Grüne Zukunft für die Luftfahrt: Concrete Chemicals plant größte E-Kerosin-Anlage Deutschlands
Mit einem bemerkenswerten Förderbeitrag von 350 Millionen Euro stößt Concrete Chemicals, ein Gemeinschaftsunternehmen von Enertrag und Zaffra, auf großes Interesse in der Energiebranche. Die geplante Produktionsanlage im nordostdeutschen Schwedt, unterstützt durch das Bundeswirtschaftsministerium, soll zur führenden Einrichtung für synthetische Flugzeugkraftstoffe avancieren. Diese ambitionierte Initiative gilt als „zentraler Vorreiter“ im Bereich der klimafreundlichen Energieerzeugung.
Die innovative Anlage nutzt CO2 aus Biomasse, kombiniert mit erneuerbar erzeugtem Wasserstoff, um eine nachhaltige Alternative zu herkömmlichem Kerosin zu schaffen. Der ursprünglich in Rüdersdorf geplante Standort wurde nun an das Gelände der Ölraffinerie PCK Schwedt verlegt, was durch das Bundeswirtschaftsministerium unterstützt wird. Dort werden dem Unternehmen passende Flächen gepachtet.
Der Startschuss für die Produktion ist für 2030 geplant. Voraussetzung für die Auszahlung der Fördermittel ist allerdings eine Genehmigung der Europäischen Kommission. Das Land Brandenburg wird einen beträchtlichen Teil der finanziellen Unterstützung übernehmen – insgesamt 104 Millionen Euro. Eine endgültige Investitionsentscheidung wird bis 2027 von Concrete Chemicals erwartet.

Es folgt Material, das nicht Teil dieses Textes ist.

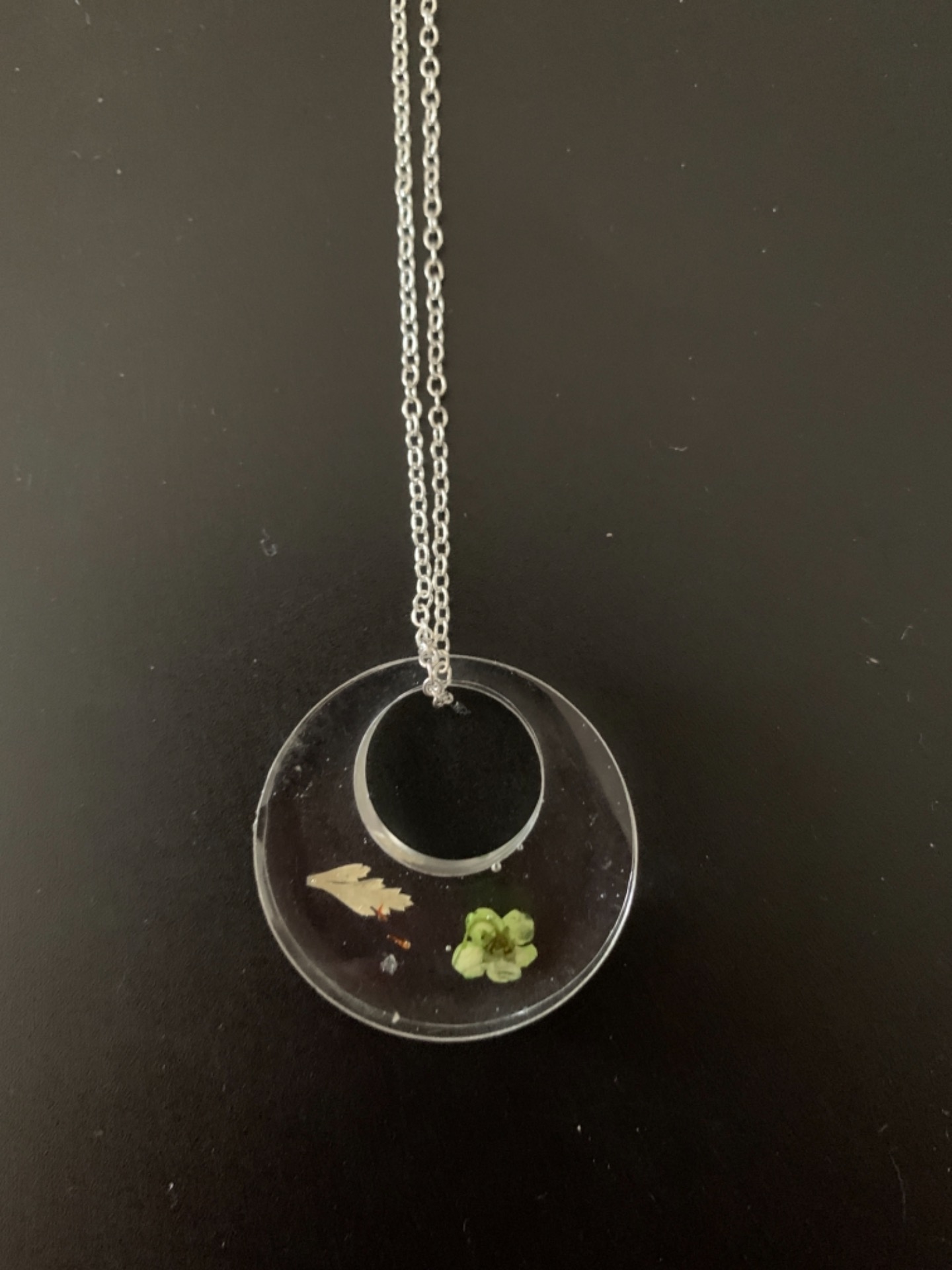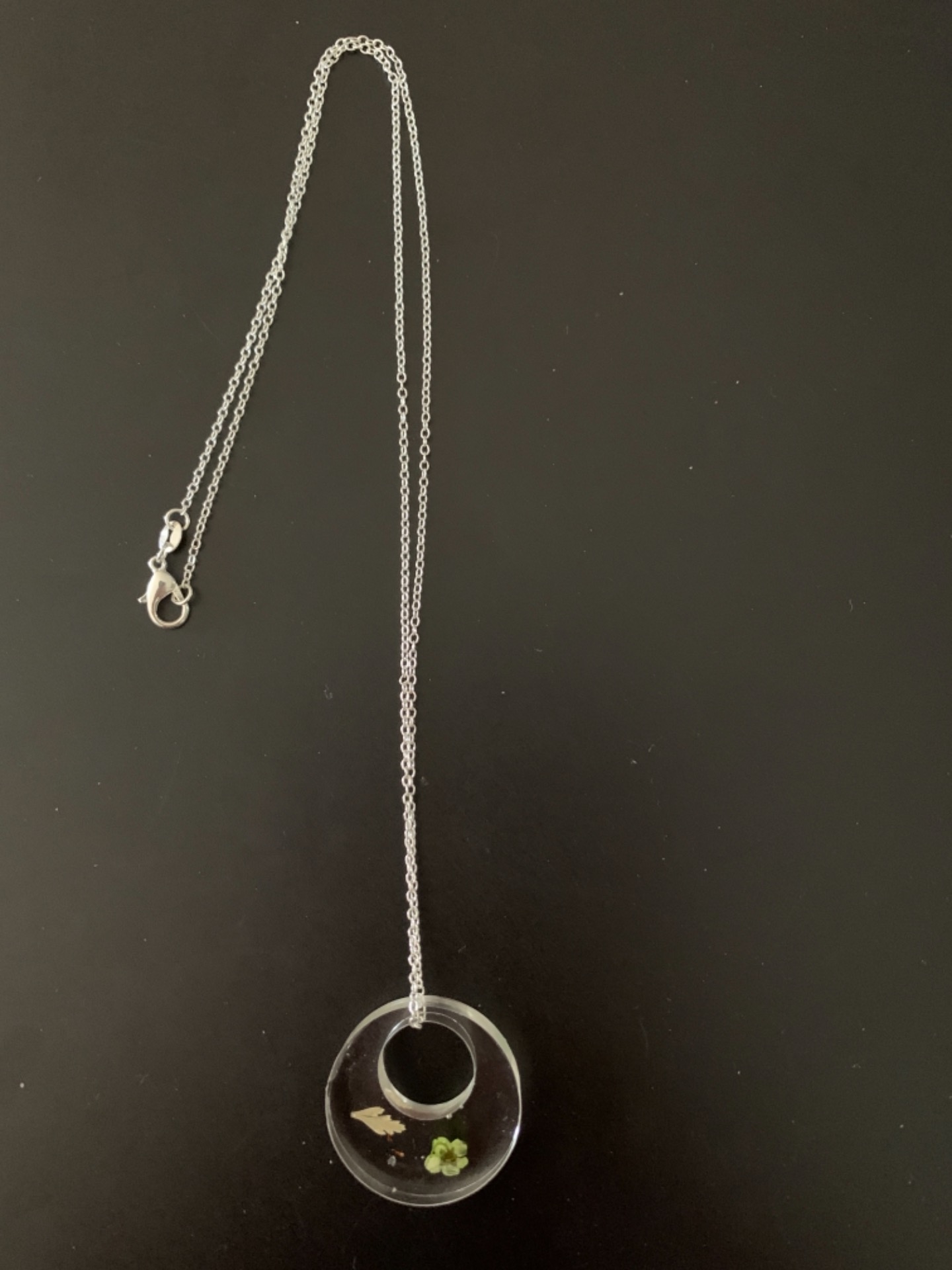 Collier avec une chaîne (acier) et un pendentif rond troué avec de véritables fleurs à l’intérieur.Chaîne disponible en 45cm, 50cm, 55cm (photo) ainsi que 60cm.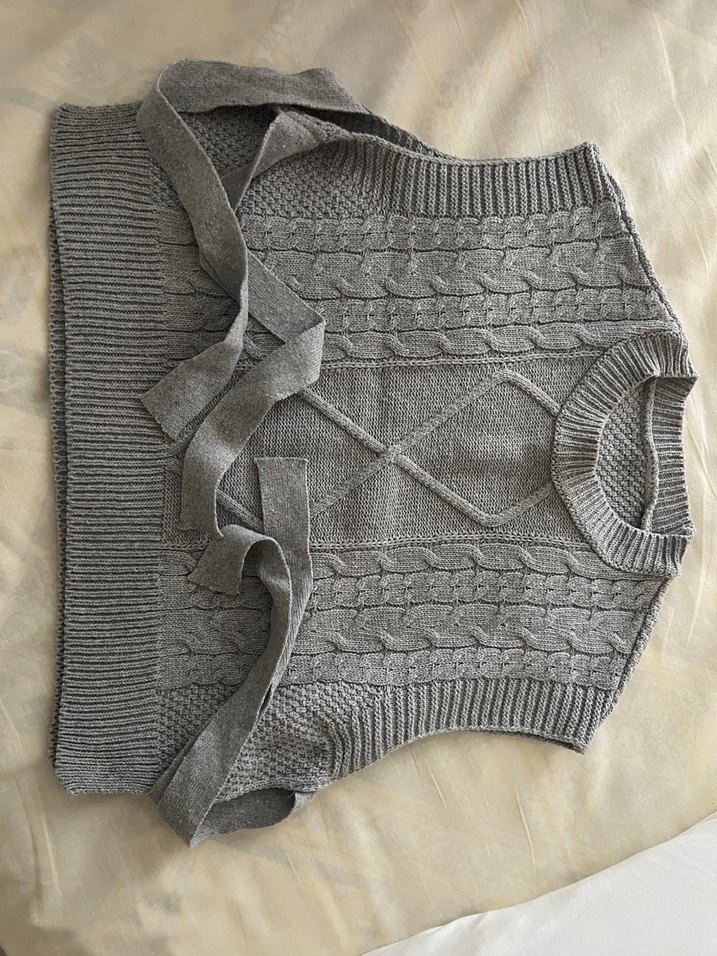 Gri renkli, örgü dokulu, boğazlı ve kolsuz, kadın süveter.

Ein bedeutender Partner wird der Papierhersteller Leipa, der das notwendige CO2 für das Power-to-Liquid-Verfahren bereitstellt, mit dem pro Jahr über 37.000 Tonnen synthetischer Kraftstoff produziert werden sollen. Diese Menge ermöglicht es, mindestens 100.000 Tonnen fossiles CO2 in der Luftfahrt einzusparen. Ab 2025 sind Airlines in der EU verpflichtet, mindestens zwei Prozent ihres Treibstoffs aus nachhaltigen Quellen zu beziehen, wobei dieser Anteil bis 2050 signifikant auf 70 Prozent ansteigen soll.
Dieser Fortschritt im Bereich synthetischer Kraftstoffe durch Concrete Chemicals könnte den Strukturwandel in Ostdeutschland nachhaltig beeinflussen und stärkt nicht zuletzt den Standort der PCK-Raffinerie in Schwedt. Laut Brandenburgs Wirtschaftsminister Daniel Keller (SPD) bietet das Projekt alle Voraussetzungen für eine vielversprechende Erfolgsgeschichte im Sektor der Wasserstoffwirtschaft.